(PROBLEM STATEMENT): Apart from the images, repeat the data below exactly as written.

(PROVIDED DATA):
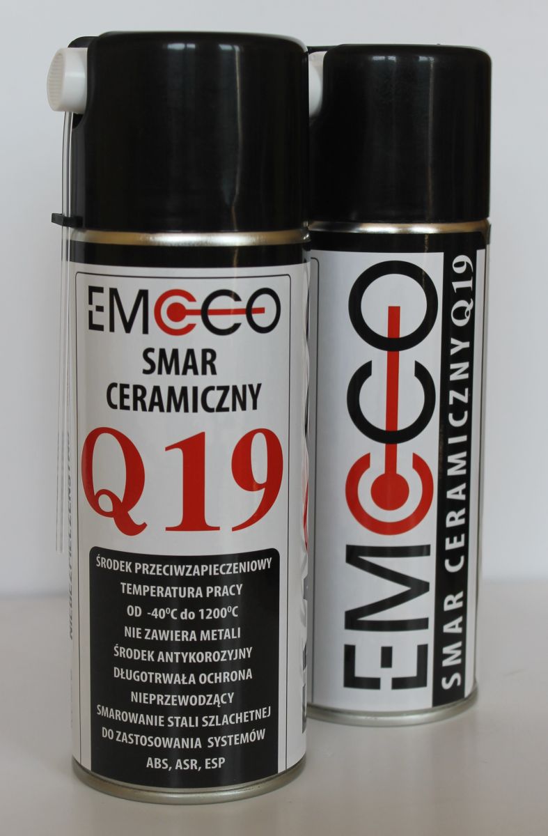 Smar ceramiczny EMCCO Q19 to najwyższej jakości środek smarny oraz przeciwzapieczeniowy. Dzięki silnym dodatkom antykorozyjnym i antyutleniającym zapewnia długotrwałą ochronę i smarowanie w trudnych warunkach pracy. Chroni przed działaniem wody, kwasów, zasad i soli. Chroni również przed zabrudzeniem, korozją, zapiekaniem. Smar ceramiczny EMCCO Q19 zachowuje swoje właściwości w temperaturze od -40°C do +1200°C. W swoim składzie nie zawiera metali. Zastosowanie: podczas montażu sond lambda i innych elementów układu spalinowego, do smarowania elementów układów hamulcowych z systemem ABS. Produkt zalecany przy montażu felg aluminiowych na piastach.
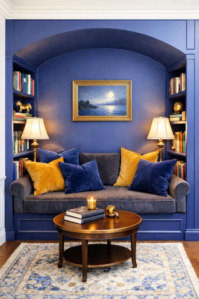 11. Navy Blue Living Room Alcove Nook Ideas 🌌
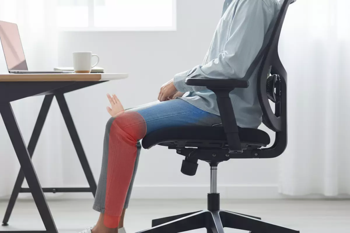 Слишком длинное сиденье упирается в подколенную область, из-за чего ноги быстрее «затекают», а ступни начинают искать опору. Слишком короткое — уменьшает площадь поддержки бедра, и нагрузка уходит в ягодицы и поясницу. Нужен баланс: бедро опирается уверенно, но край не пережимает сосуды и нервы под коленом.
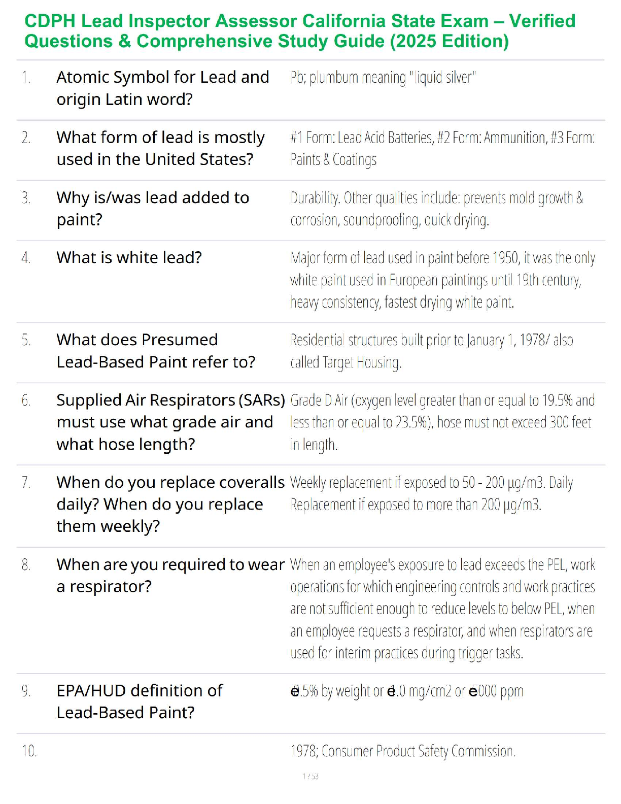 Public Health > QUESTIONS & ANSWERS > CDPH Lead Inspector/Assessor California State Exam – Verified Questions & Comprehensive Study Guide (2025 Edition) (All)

(YOUR SOLUTION):
 Smar ceramiczny EMCCO Q19 to najwyższej jakości środek smarny oraz przeciwzapieczeniowy. Dzięki silnym dodatkom antykorozyjnym i antyutleniającym zapewnia długotrwałą ochronę i smarowanie w trudnych warunkach pracy. Chroni przed działaniem wody, kwasów, zasad i soli. Chroni również przed zabrudzeniem, korozją, zapiekaniem. Smar ceramiczny EMCCO Q19 zachowuje swoje właściwości w temperaturze od -40°C do +1200°C. W swoim składzie nie zawiera metali. Zastosowanie: podczas montażu sond lambda i innych elementów układu spalinowego, do smarowania elementów układów hamulcowych z systemem ABS. Produkt zalecany przy montażu felg aluminiowych na piastach.
 11. Navy Blue Living Room Alcove Nook Ideas 🌌
 Слишком длинное сиденье упирается в подколенную область, из-за чего ноги быстрее «затекают», а ступни начинают искать опору. Слишком короткое — уменьшает площадь поддержки бедра, и нагрузка уходит в ягодицы и поясницу. Нужен баланс: бедро опирается уверенно, но край не пережимает сосуды и нервы под коленом.
 Public Health > QUESTIONS & ANSWERS > CDPH Lead Inspector/Assessor California State Exam – Verified Questions & Comprehensive Study Guide (2025 Edition) (All)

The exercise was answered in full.